The Faraday rotator 120 is an example of the “second Faraday rotator” in the present disclosure, and the Faraday material 130, the magnet 140, and the magnetic field generation region 142 are examples of the “second Faraday material”, the “second magnet”, and the “second magnetic field generation region” in the present disclosure. The magnetic field generated by the magnet 140 in the magnetic field generation region 142 is an example of the “second magnetic field” in the present disclosure.

The position adjustment mechanism that includes the slide plate 170 and the direction-Z adjustment screw 172 and moves the magnet block MGB1 in the Z direction is an example of the “second position adjustment mechanism” in the present disclosure. The slide plate 170 is an example of the “second slide plate” in the present disclosure, and the direction-Z adjustment screw 172 is an example of the “second adjustment screw” in the present disclosure. The rotational mechanism that includes the shaft 174 and the handle 176 and rotates the magnet block MGB1 around an axis of rotation parallel to the H direction is an example of the “second rotational mechanism” in the present disclosure. The shaft 174 is an example of the “second shaft” in the present disclosure. The rotational direction (counterclockwise direction in FIG. 3) in which the polarization direction of the pulse laser light PL output from the MO 22 is rotated by 45 degrees when the pulse laser light PL passes through the Faraday rotator 120 is an example of the “second rotational direction” in the present disclosure.

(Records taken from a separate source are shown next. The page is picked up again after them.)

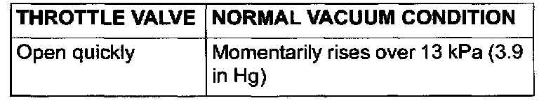 2. Start the engine. As described in the chart, check the vacuum condition when the throttle valve is opened suddenly (rewing) during cold and hot engine conditions.
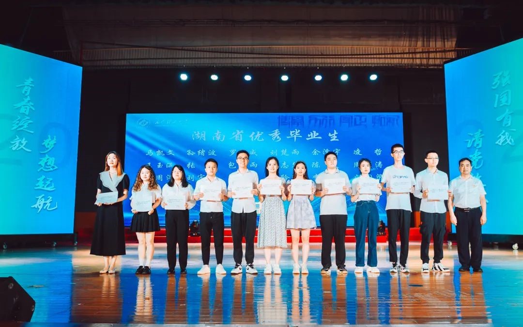 典礼上,黄创霞为湖南省优秀毕业生颁奖,激励全体毕业坚定信仰,砥砺品德,努力成长为堪当民族复兴重任的时代新人。校友中心主任郑延恒为学院2022届校友分会理事会成员颁发聘书并授旗。典礼还表彰了“自强励志类”“科技创新类”“志愿服务类”“管理人才类”等4类“校友励志奖学金”获得者,仪式之后,与会师生为毕业生赠送了精心准备的专属签章、定制文化衫等毕业礼物。
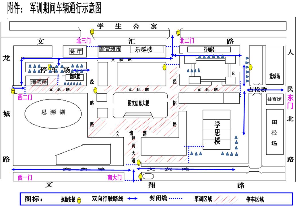 1、軍訓期間,所有機動車輛均從西門和北二門、南門、東門按照附件一的指示路線通行。
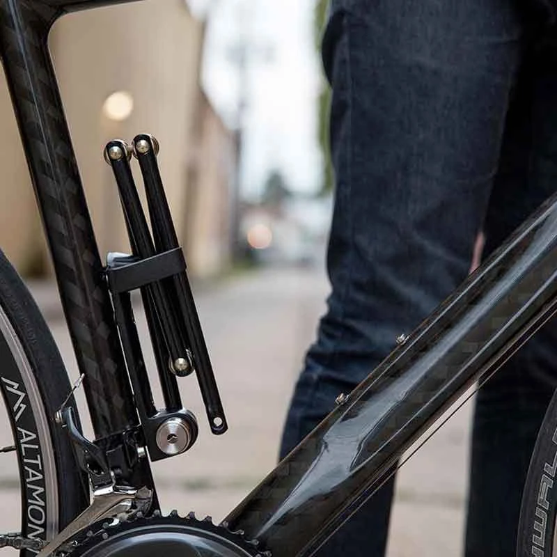 Mitgeliefert wird eine Halterung, die man wie einen Flaschenhalter anbringen kann. Außerdem kann man optional auch eine Satteltasche bekommen, in die das Schloss perfekt hineinpasst.
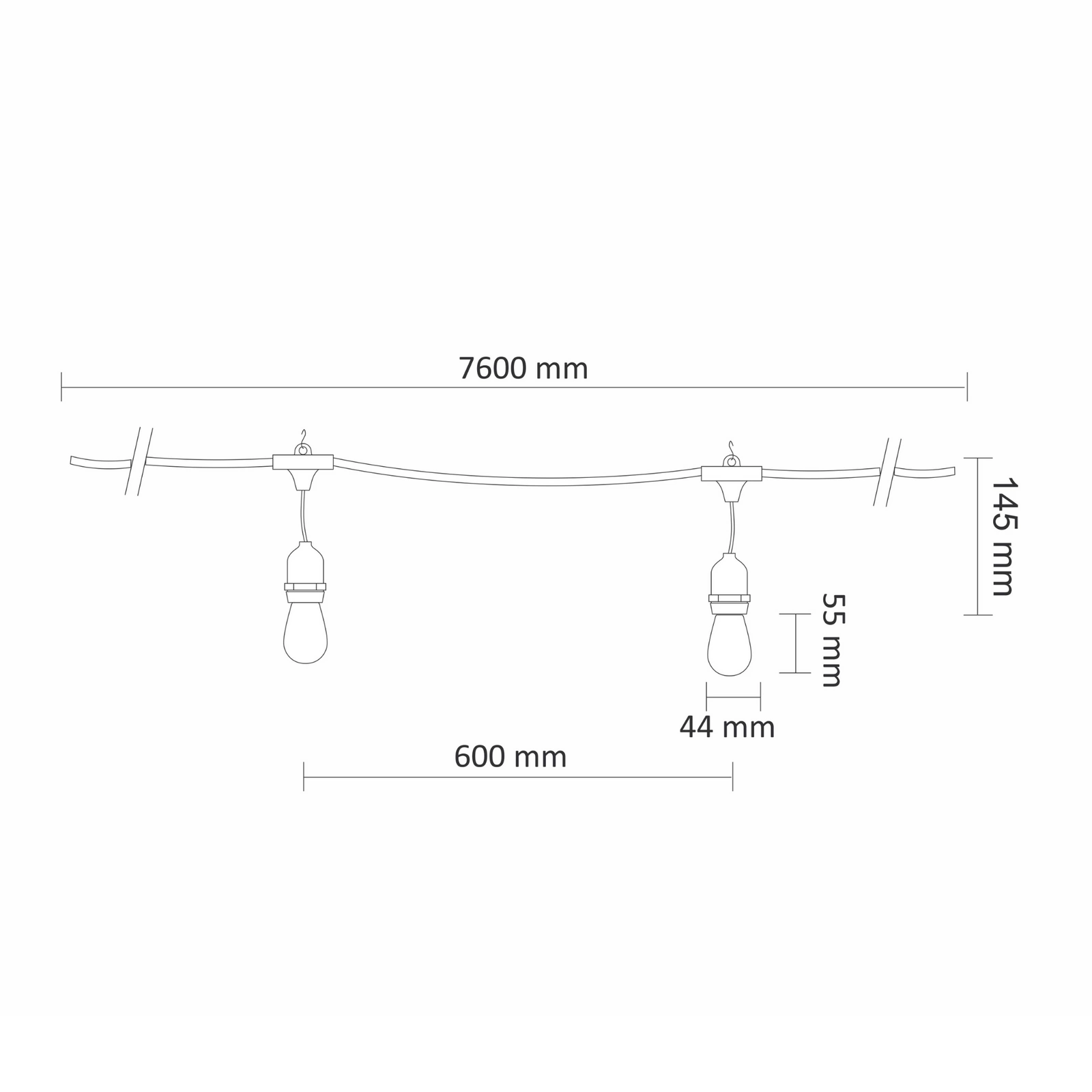 - Łatwa instalacja - Girlanda wyposażona w 10 wymiennych punktów świetlnych z gniazdem E27, co umożliwia szybką i bezproblemową wymianę żarówek.

4.3 Effects and Advantages

The optical isolator 110 according to the first embodiment employs the configuration in which the Faraday materials 130 and 150 each have a cross-sectional shape having a major axis and a shortest possible minor axis, and the magnetic field generation regions 142 and 162 of the magnets 140 and 160 each accordingly have a cross-sectional shape having a major axis in the same direction as that of the Faraday material, so that the sizes of the magnets 140 and 160 can be efficiently reduced.

In the optical isolator 110 according to the first embodiment, when the optical axis of the pulse laser light PL traveling from the MO 22 toward the PO 26 deviates from a design value, the position adjustment mechanism including the direction-Z adjustment screws 172 and 182 can adjust the pulse laser light PL in such a way that the pulse laser light PL passes through the Faraday materials 130 and 150.

Reducing the sizes of the magnets 140 and 160 reduces the weight of the optical isolator 110 accordingly, so that the maintainability thereof is improved.

4.4 Modification 1

FIG. 11 schematically shows the configuration of an optical isolator 111 according to Modification 1. The optical isolator 111 in FIG. 11 may be employed in place of the optical isolator 110 described with reference to FIGS. 5 to 10. Differences in configuration between FIGS. 11 and 9 will be described.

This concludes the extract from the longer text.